Shadows been told this over and over again. He just won't listen. Honestly I feel this is a cry for attention.... Maybe I'm just an asshole, but there's much more serious problems than this. Especially in shadows life
I honestly didn't think dxm was addictive, but just because I'm a repeat offender doesn't mean it's a very for attention. I already kicked heroin and benzos again, and I've got meeting with a doctor soon for antidepressants so I am trying, but believe what you want man I don't have the energy to argue.
 
Last edited:
Glad you did this-and I hope you can find a shrink or a therapist. I know you found therapy superficial but how long did you go? It really does take time because you have to be invested-no therapist can give you immediate answers. It took a while to develop problems-dealing with your issues takes more than a few sessions. Seriously, good luck.
 
Glad you did this-and I hope you can find a shrink or a therapist. I know you found therapy superficial but how long did you go? It really does take time because you have to be invested-no therapist can give you immediate answers. It took a while to develop problems-dealing with your issues takes more than a few sessions. Seriously, good luck.
I've only ever been to a therapist once, I just...I'm not sure it just doesn't seem real to me. Like they're only listening because I pay them to.
 
^There are therapists out there that do it to help you, not for the money, but they are hard to find. So go to as many as possible 'till you find someone you're comfortable with
 
I took DXM when I was 14-15 just before I started taking opioids. One might think hardly anyone would go from opioids to DXM, I myself simply stopped DXM because when I took codeine for the first time, I realized it was what I really needed like every day, DXM was okay once a week to go to a different place where I felt nice and paradoxically not feeling all alone.
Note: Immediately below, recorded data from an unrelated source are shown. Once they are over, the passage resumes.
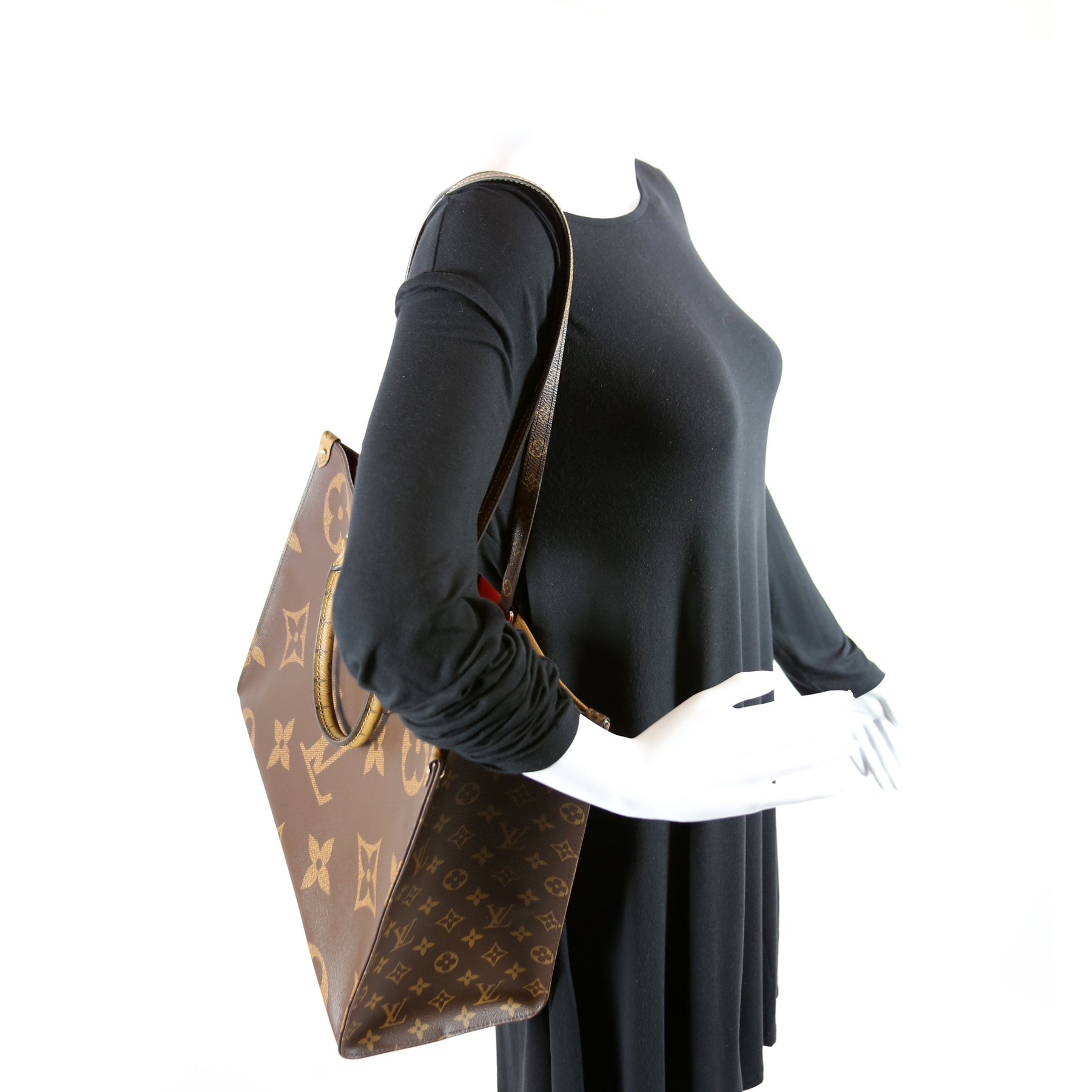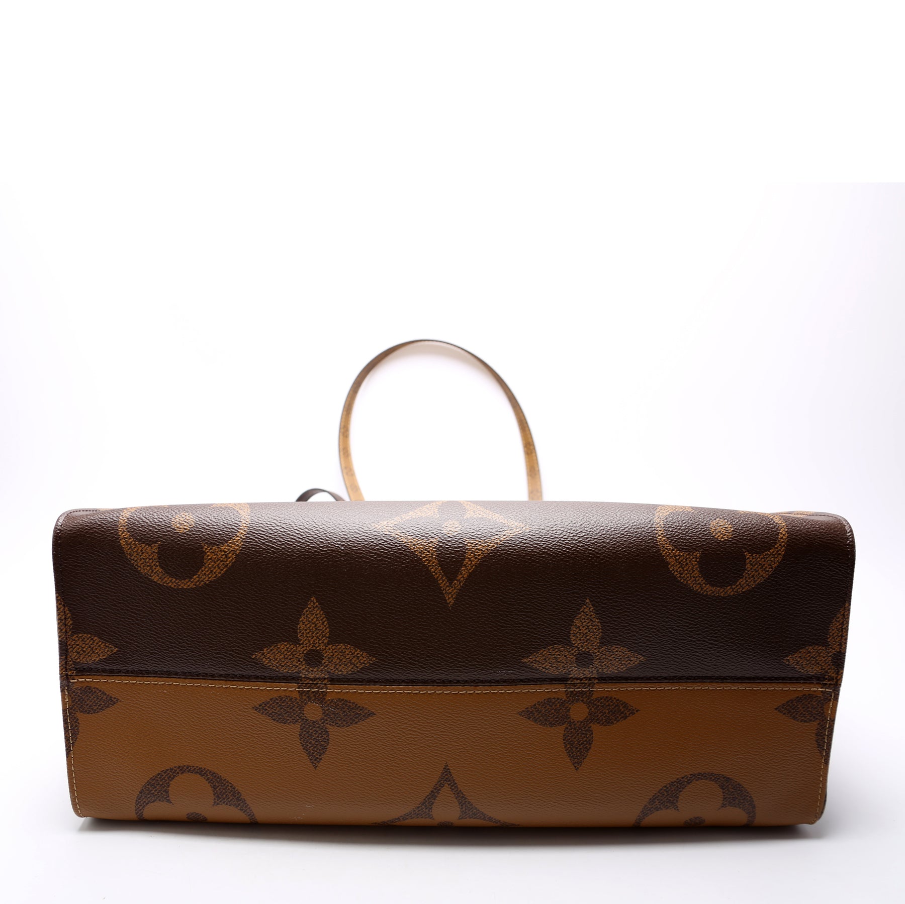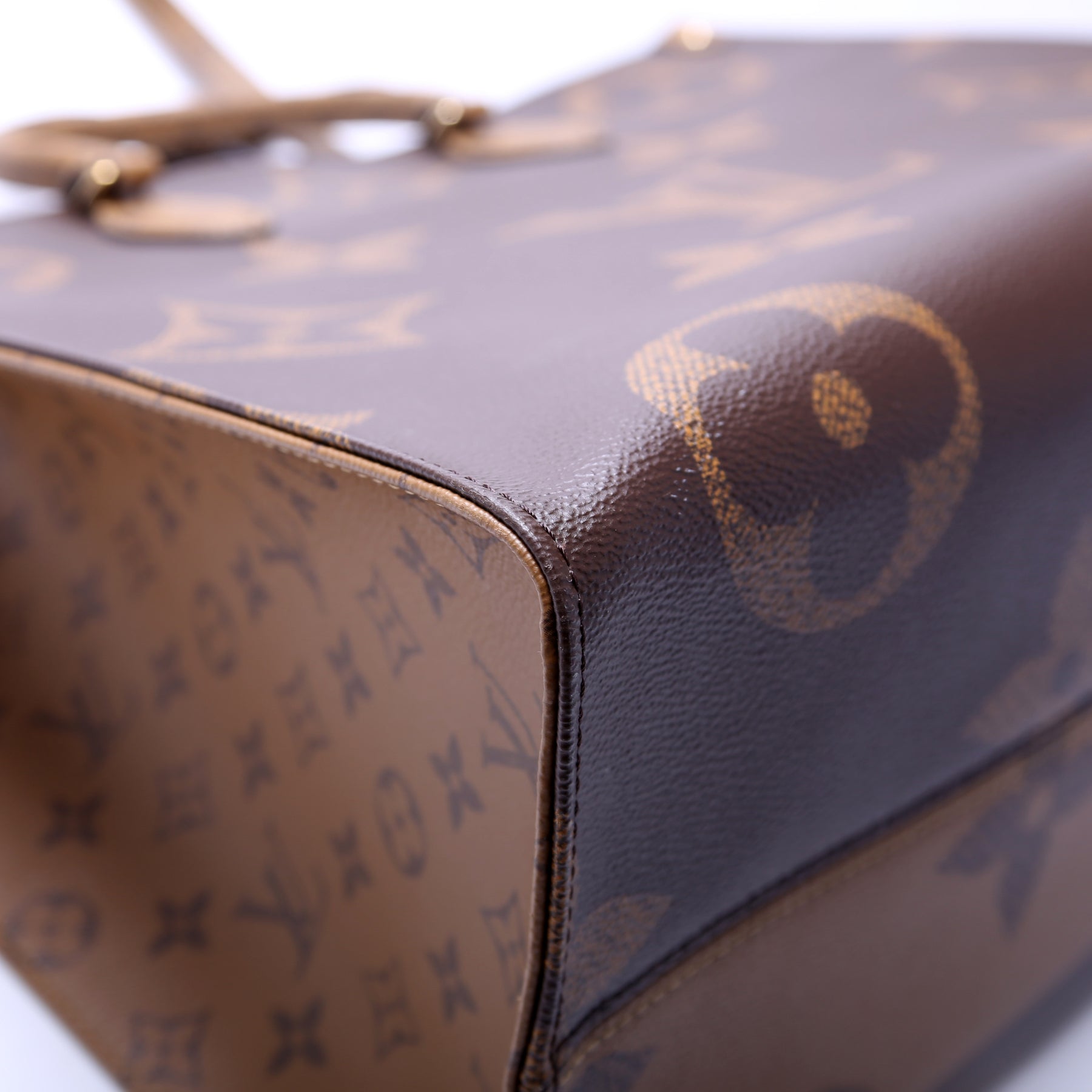 This pre-owned Louis Vuitton ONTHEGO GM is guaranteed 100% authentic. The exterior is in the classic Louis Vuitton Reverse Monogram coated canvas.
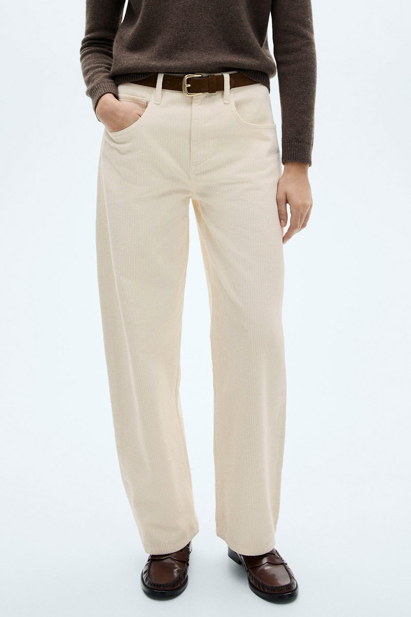 Pantalon velours côtelé balloon taille haute - Blanc cassé
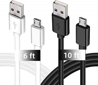 The Deegotech Micro USB Cable is a 10-foot long Android charger cable that provides fast charging and data sync capabilities. Made with double-braided nylon, the cable is robust and durable, with a tested 4000+ bend lifespan. It is compatible with most Android phones & tablets with a micro USB port, as well as other devices such as gaming controllers, wireless keyboards, and more. The wide diameter wire and reduced resistance allow for charging speeds up to 2.4A, faster than most standard cables. With its extra-long length, you can comfortably use your devices while they are connected to a power source. The cable comes in a pack of three and is available in black and white color options.
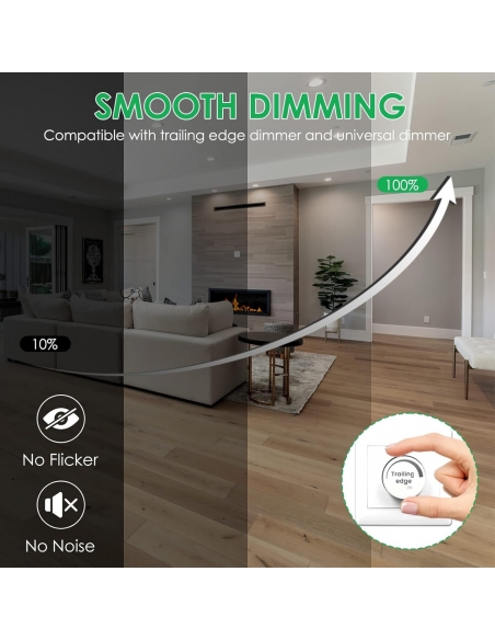 Plafoniere da incasso a LED dimmerabili, intervallo di attenuazione dal 10% al 100%, scegli una luminosità confortevole in base alle tue esigenze, crea un'atmosfera diversa per la tua stanza. Compatibile con la maggior parte dei dimmer trailing edge sul mercato, senza sfarfallio o rumore. Il dimmer non è compreso nella fornitura, i downlight LED ALUSSO a soffitto dimmerabili possono essere utilizzati anche a piena potenza senza dimmer.
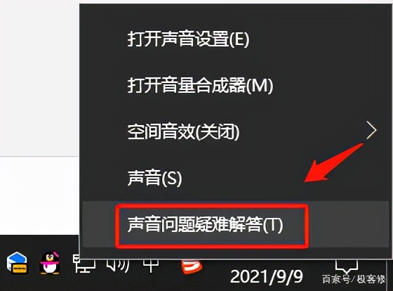解决方法:右键菜单栏右下【声音】图标,选择【声音问题疑难解答】选项,系统会自动检测声音问题,以及给出相应的解答建议。
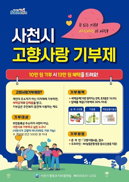 경남 사천시가 고향사랑기부제의 빠른 정착과 활성화를 위해 고향사랑기부제 답례품을 확대했다.
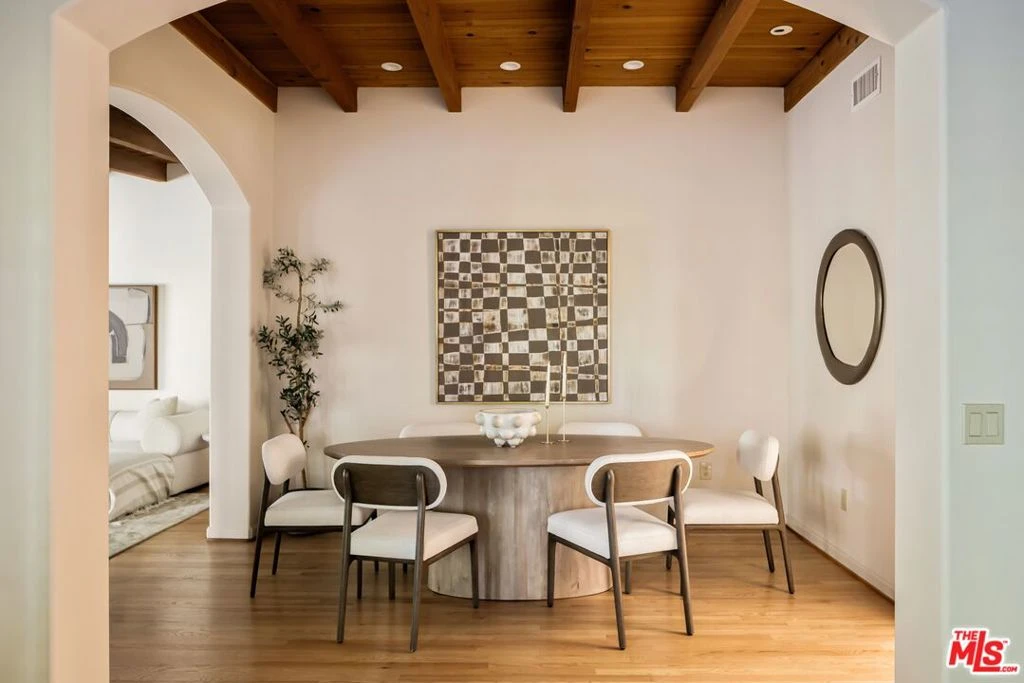 EXCEPTIONAL VALUE IN PRIME CHEVIOT HILLS. This spacious traditional home is filled with natural light and set on a large lot with mature landscaping, offering privacy, great scale, and flexible living spaces. The home features 7 bedrooms and 7 bathrooms with an excellent layout, including three bedrooms on the main level and four bedrooms upstairs. A welcoming entry showcases a beautiful custom mosaic detail in the flooring. The well-appointed kitchen includes granite countertops, double ovens, ample cabinetry, a large center island with seating, a breakfast nook, and a high ceiling with a skylight that fills the space with natural light. The living, family, and dining rooms all feature beamed ceilings, with a fireplace in the living room, creating warm and inviting spaces ideal for both everyday living and entertaining. Upstairs, the primary suite offers dual walk-in closets and a spa-like bathroom with double vanities, abundant natural light, a soaking tub, and a steam shower. Three additional ensuite bedrooms and a large bonus area complete the second level. The private backyard features a covered patio ideal for outdoor dining and entertaining, along with generous yard space. Additional highlights include a 2-car garage and abundant storage throughout. A well-scaled home with excellent natural light, privacy, and versatility, offering one of the best values in Cheviot Hills.
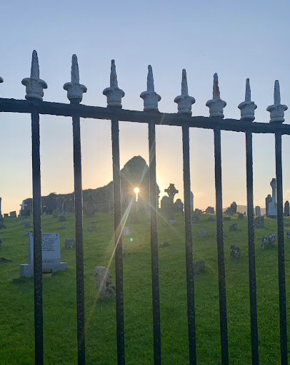 Read moreSurrounded by fields with a clear view of the distant mountains, this old but still well tended graveyard with church ruin has all the signs of a place of peaceful slumber - long may out last. I suspect the name is a direct translation of...
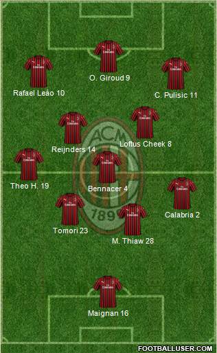Van Basten (Gren/Altafini) · Rivera (Kaka/Savicevic) · Maldini (Schnelinger/Trapattoni) · Nesta (C.Maldini/Costacurta) · Baresi (Desailly/Rosato) · Nordahl (Shevchenko/Prati) · Rijkaard (Pirlo/Albertini) · Gullit (Schiaffino/Seedorf) · Cafu (Tassotti/Anquiletti) · Liedohlm (Boban/Donadoni) · Rossi (Dida/Buffon/Cudicini)
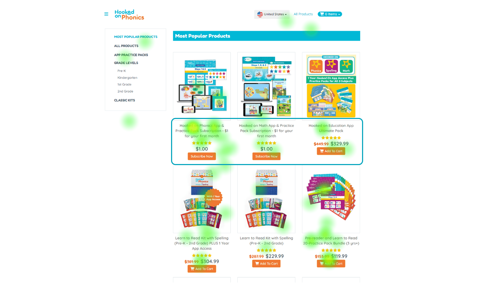 Products page heat map
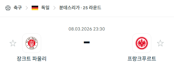 2026년 03월 08일에 열리는 분데스리가의 장크트 파울리와 아인트라흐트 프랑크푸르트의 경기 분석입니다. 이번 경기는 최근 강등권 탈출에 성공하며 기세를 올리고 있는 홈팀 장크트 파울리와 유럽 대항전 진출권을 목표로 승점 확보가 절실한 아인트라흐트 프랑크푸르트의 맞대결입니다. 장크트 파울리는 홈 팬들의 열광적인 응원을 등에 업고 생존을 위한 투쟁을 이어가려 하며, 프랑크푸르트는 원정 경기에서의 부진을 털어내고 상위권 추격을 노리고 있습니다. 생존이라는 절박한 동기와 유럽 무대 복귀라는 야망이 충돌하는 이번 경기는 두 팀의 상반된 전략과 동기부여가 승부의 핵심이 될 것입니다.
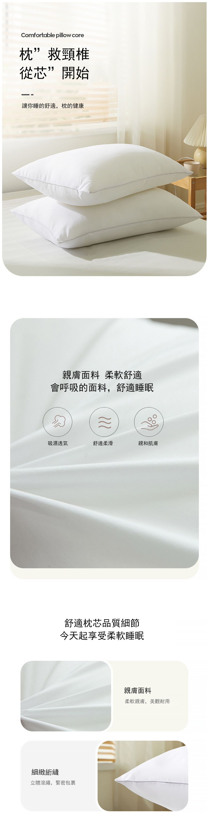 激抵【1個】純白枕頭枕芯(40x60cm低枕款)
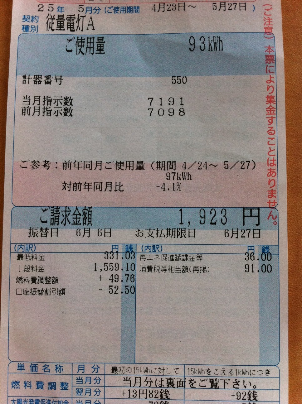 先月の使用量が68kWhでしたので、先月より25kWh増えました。。
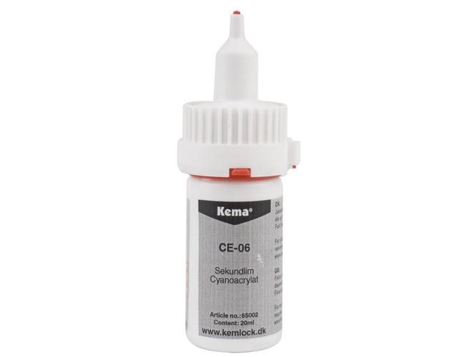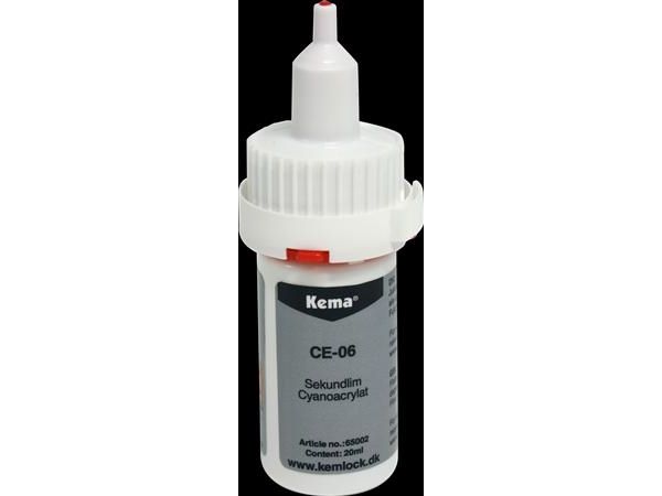 Kemlock CE-06 20ML sekundlim. Klar universal cyanoacryalat til elastomerer (fast gummi og/eller skumgummi), specielt god til SBR, NBR og EPDM. Giver virkelig god modstand mod termiske og klimatiske forandringer. Kan også med fordel anvendes på metal. Viskositet 20 - 40 mPas ved 25°C. Flammepunkt 87°C DIN 55213. Hærdetid 1-30 sek. Alt efter materialet og temperatur. Gennemhærdet efter 24 timer. Temperatur -30°C til +180°C. Anbefalet handske: NITRIL eller SOL-VEX.

I'm not a person who likes to categorize people, however, observing only this forum those who tend to find their peace in dissociatives are more or less lacking in the same department and it is social life for some reason. I took opioids and benzodiazepines for years to eventually land on buprenorphine which is obviously not doing the same thing for me, and I guess I've always looked for something to slow down my mind, so I could finally not give a damn about certain stuff in social situations that most people never think about. Not sure what this is in medical terms, perhaps some form of obsessive-compulsive illness though it certainly feels much different, perhaps it's BPD though what it actually is itself is hard to say as well, I do have most of the symptoms, however, I no longer indulge myself in any relationships at all as I basically show very little expression when I'm among people and I stopped taking initiative even when someone shows interest in me, I just don't as it has cost me my sanity quite a few times.